Member of the Wyoming House of Representatives from the 33rd district
- In office January 2, 2023 – January 6, 2025
- Preceded by: Andi LeBeau
- Succeeded by: Ivan Posey

Personal details
- Born: Cache County, Utah, U.S.
- Party: Republican
- Children: 3
- Education: Utah State University (ASN) Weber State University (BSN) University of Colorado Denver (MSN)

= Sarah Penn =

American politician

Sarah Penn is an American politician and nurse practitioner who served as a member of the Wyoming House of Representatives for the 33rd district. Elected in November 2022, she assumed office on January 2, 2023.

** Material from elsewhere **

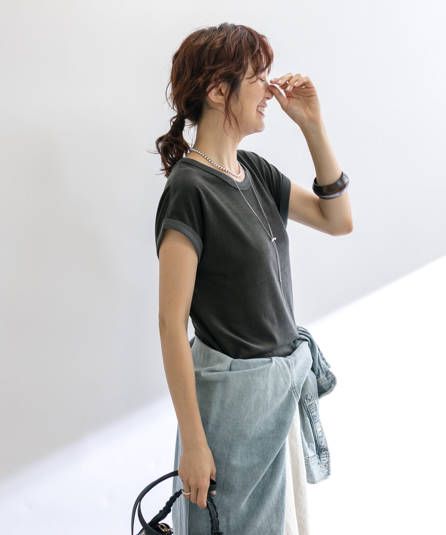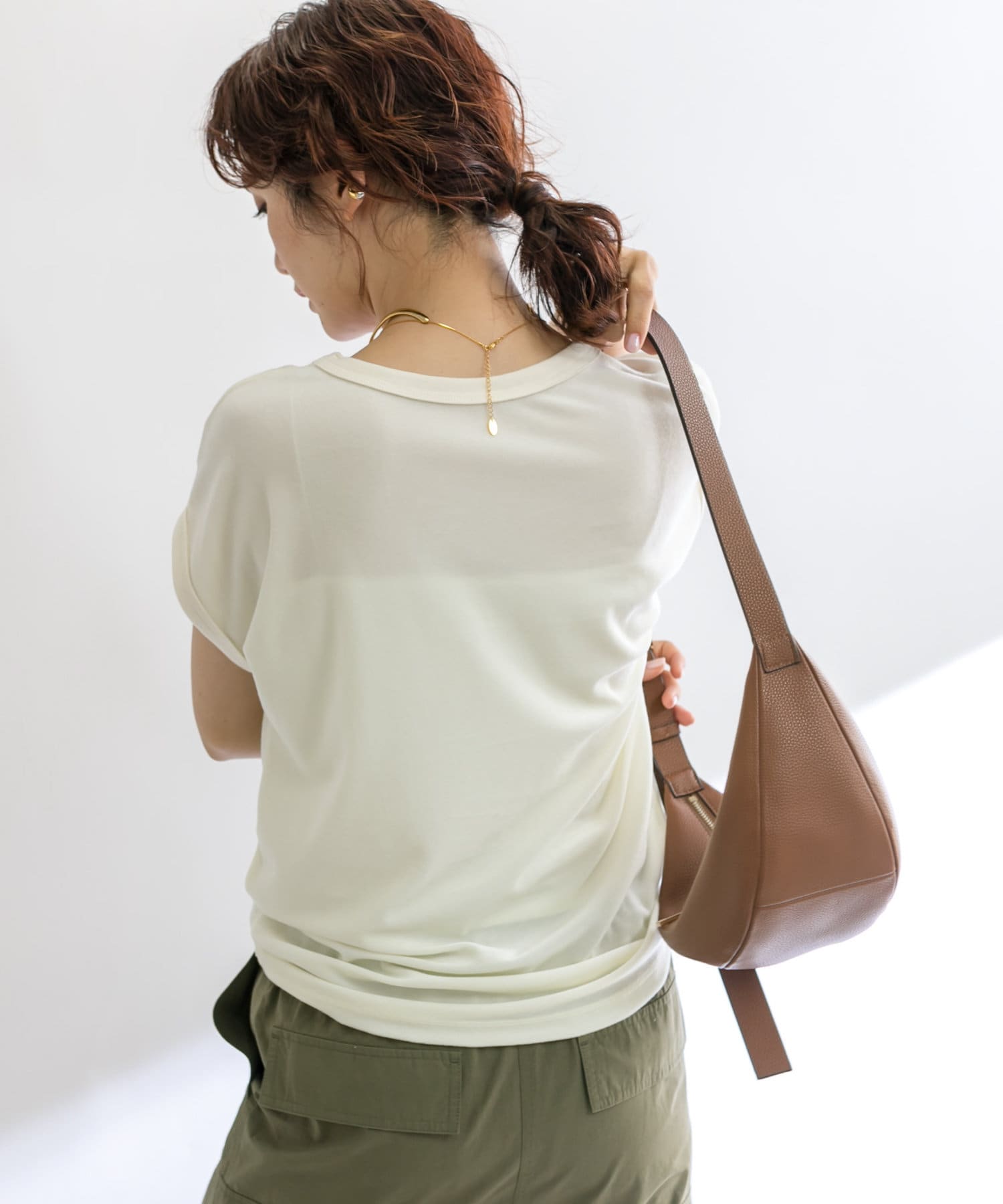 程よい光沢感でカジュアルになりすぎず、大人なパイルカットソーです。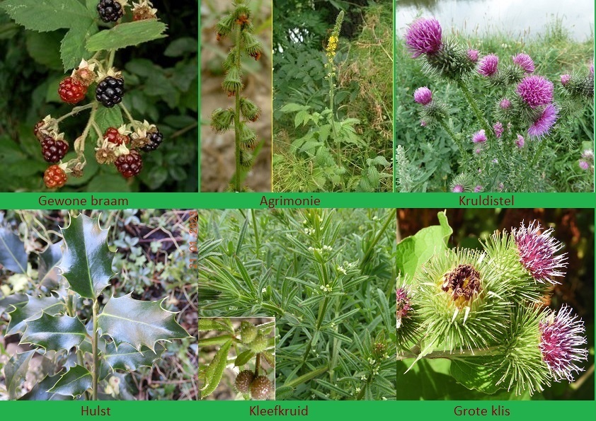 ‘Voorbeelden zijn gewone agrimonie en kleefkruid. De grote klis is een buitenbeentje, alleen de klis is voorzien van stekels met haakjes en de bloem lijkt op de bloem van een distel.’

== Early life and education ==
A native of Cache County, Utah, Penn graduated from Mountain Crest High School. She earned an Associate of Science in nursing from Utah State University, a Bachelor of Science in nursing from Weber State University, and a Master of Science in nursing from the Anschutz Medical Campus at the University of Colorado Denver.

== Career ==
Penn worked as a family nurse practitioner in Denver before moving to Green River, Wyoming, and later Lander, Wyoming. She was elected to the Wyoming House of Representatives in November 2022.

In the 2024 Wyoming House of Representatives election, she was unseated by Democratic candidate Ivan Posey.

== Personal life ==
Penn and her husband, Nate, have three children.